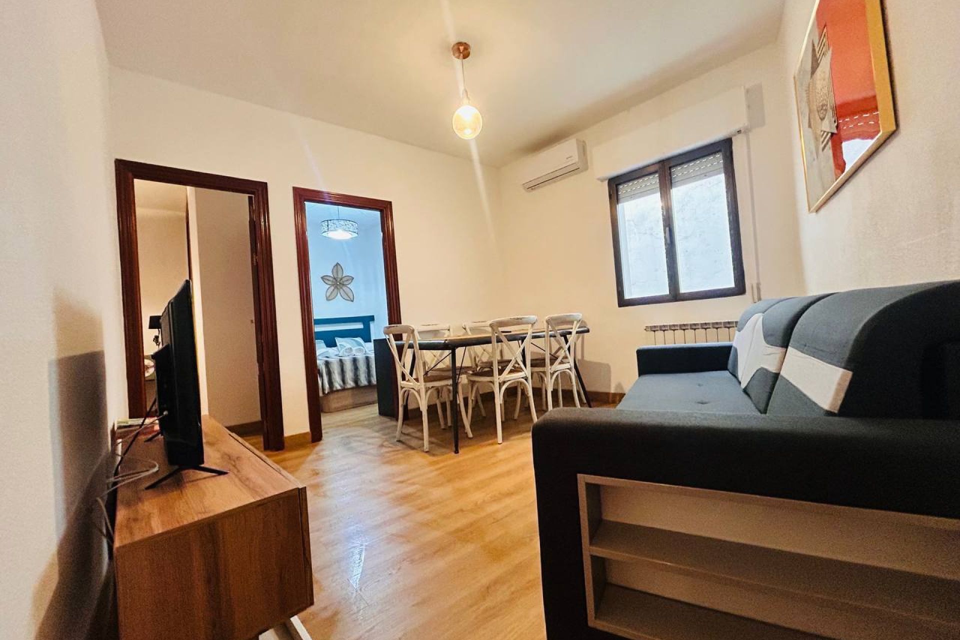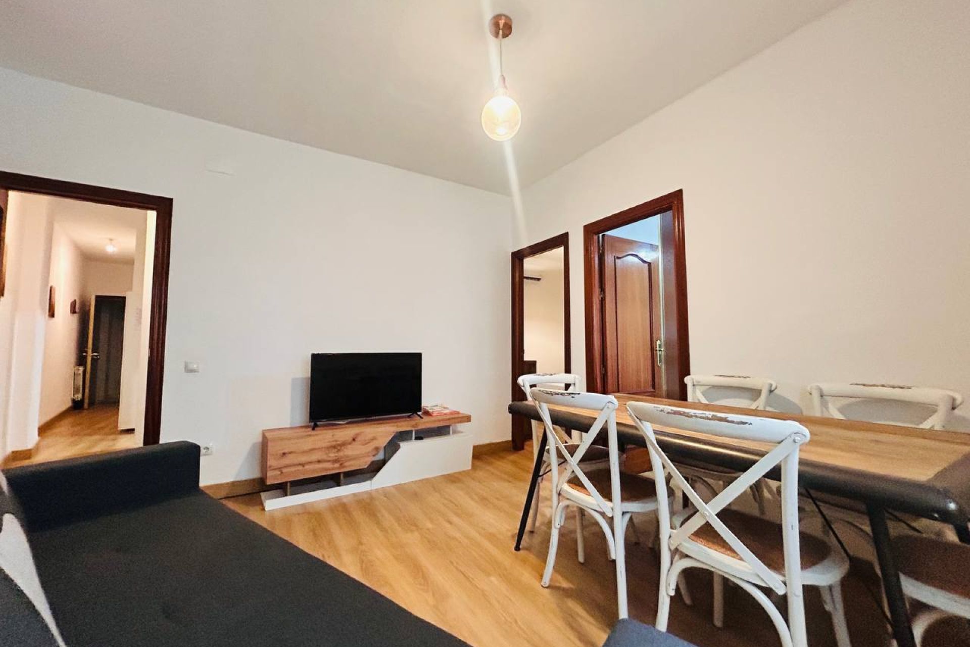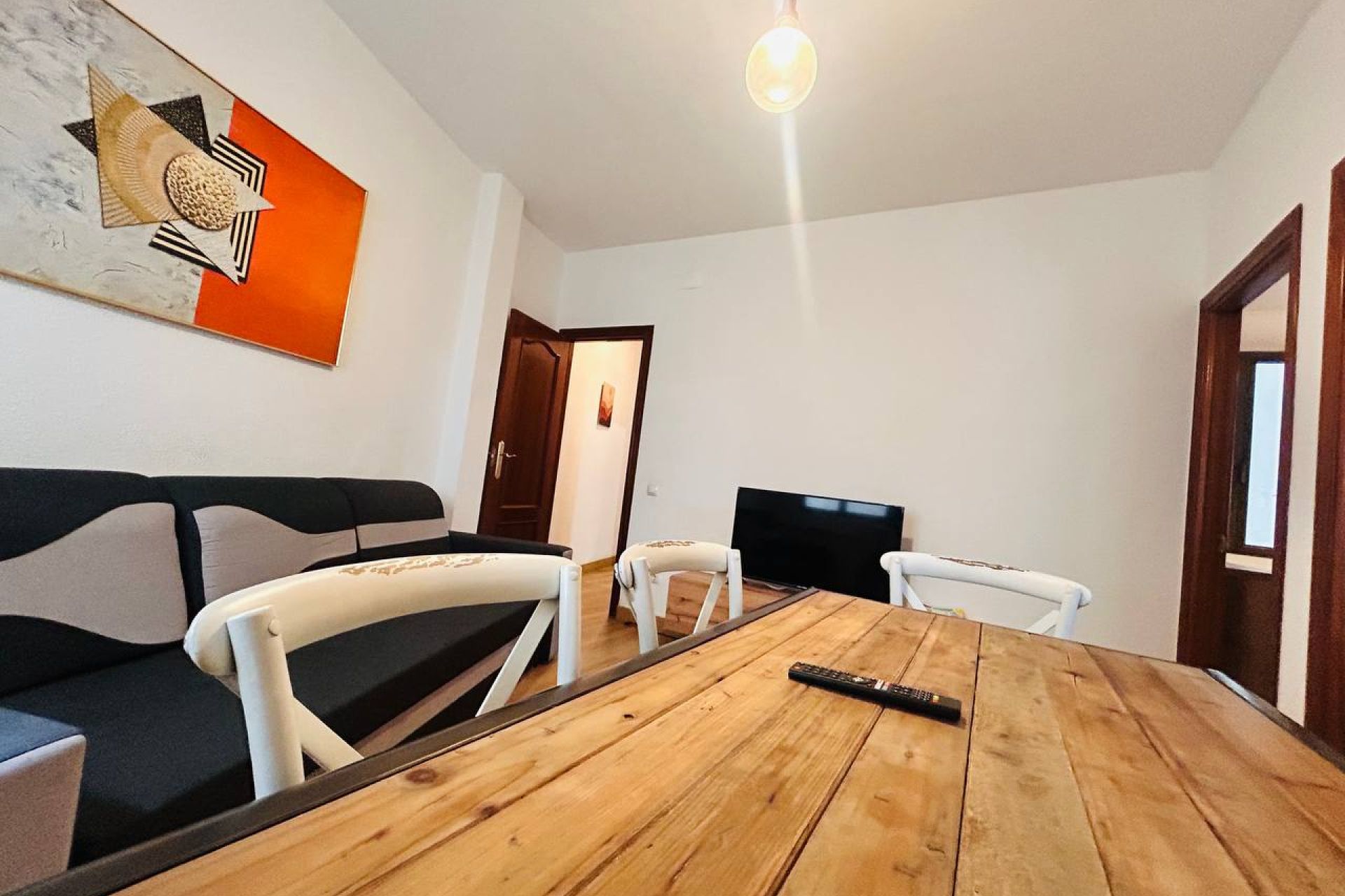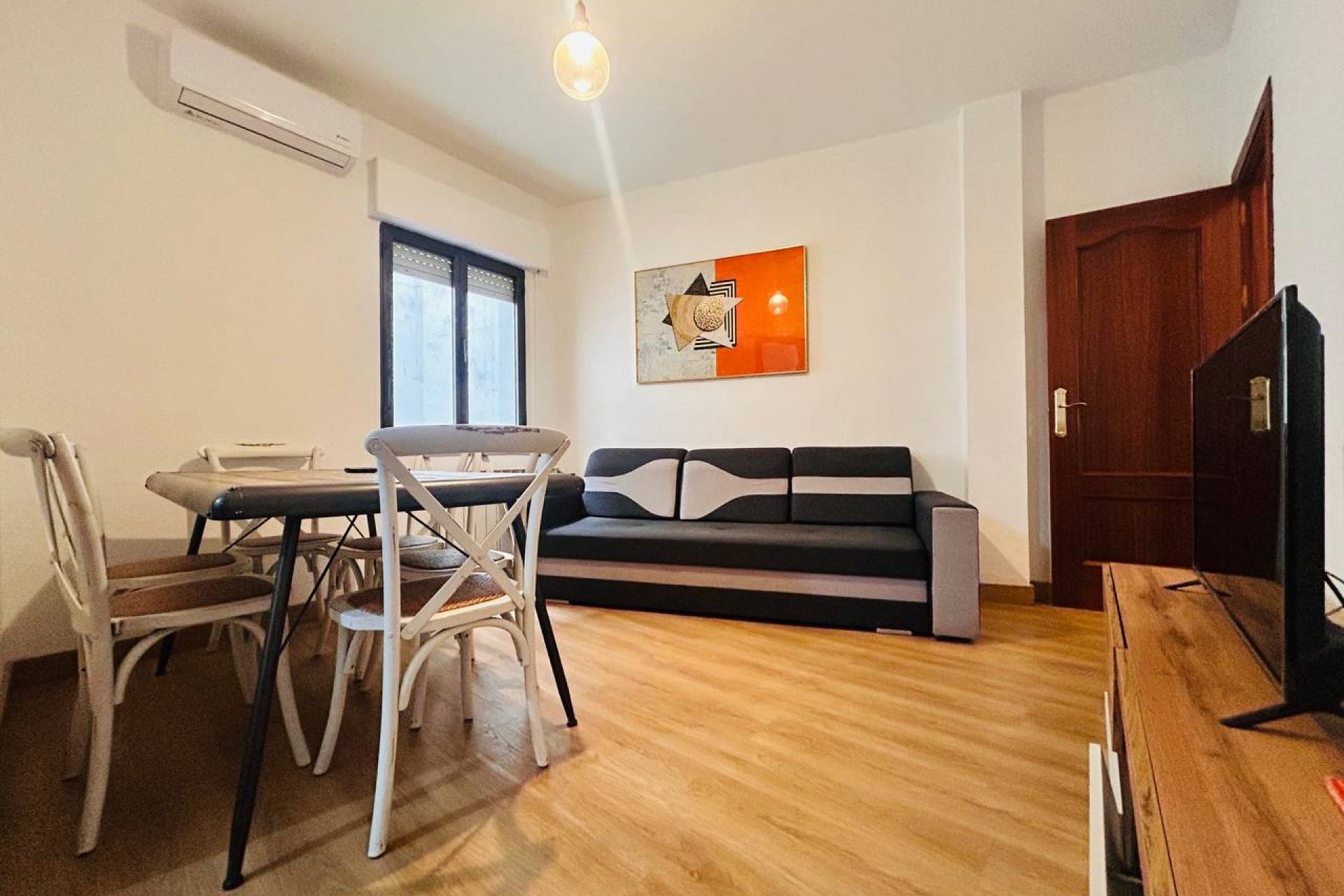 Living-dining room with double sofa bed.
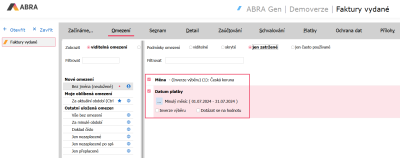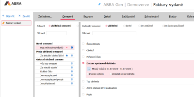 Otvoríme si agendu Faktúry vydané. Pre obmedzenie dokladov použijeme položku Dátum vystavenia dokladu, v ktorom si zvolíme obmedzenie za minulý mesiac, v ktorom chceme kurzové rozdiely vygenerovať.
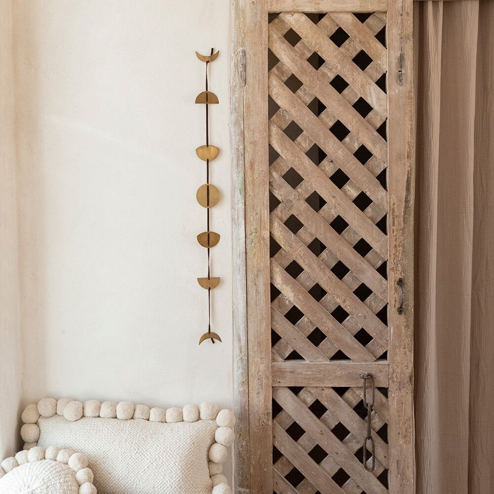 D’une longueur de 90cm, cette guirlande lune en laiton se compose de 7 pièces géométriques, mesurant 7cm de large. Chacune d’elle symbolise ainsi une phase lunaire. Les éléments de ce mobile sont joliment répartis sur une cordelette. Facile à suspendre, vous pouvez installer votre guirlande lune en métal dans toutes les pièces de votre maison. Elle sera par exemple du plus bel effet dans l’encadrure d’une porte ou encore suspendue à côté de votre lit. Idéal pour apporter une touche boho, ce véritable bijou mural illumine votre intérieur et vous propose également un voyage empreint de magie.

• [What is needed]: Word for word, return the material, omitting the pictures.

• [Exercise output]:
 Living-dining room with double sofa bed.
 Otvoríme si agendu Faktúry vydané. Pre obmedzenie dokladov použijeme položku Dátum vystavenia dokladu, v ktorom si zvolíme obmedzenie za minulý mesiac, v ktorom chceme kurzové rozdiely vygenerovať.
 D’une longueur de 90cm, cette guirlande lune en laiton se compose de 7 pièces géométriques, mesurant 7cm de large. Chacune d’elle symbolise ainsi une phase lunaire. Les éléments de ce mobile sont joliment répartis sur une cordelette. Facile à suspendre, vous pouvez installer votre guirlande lune en métal dans toutes les pièces de votre maison. Elle sera par exemple du plus bel effet dans l’encadrure d’une porte ou encore suspendue à côté de votre lit. Idéal pour apporter une touche boho, ce véritable bijou mural illumine votre intérieur et vous propose également un voyage empreint de magie.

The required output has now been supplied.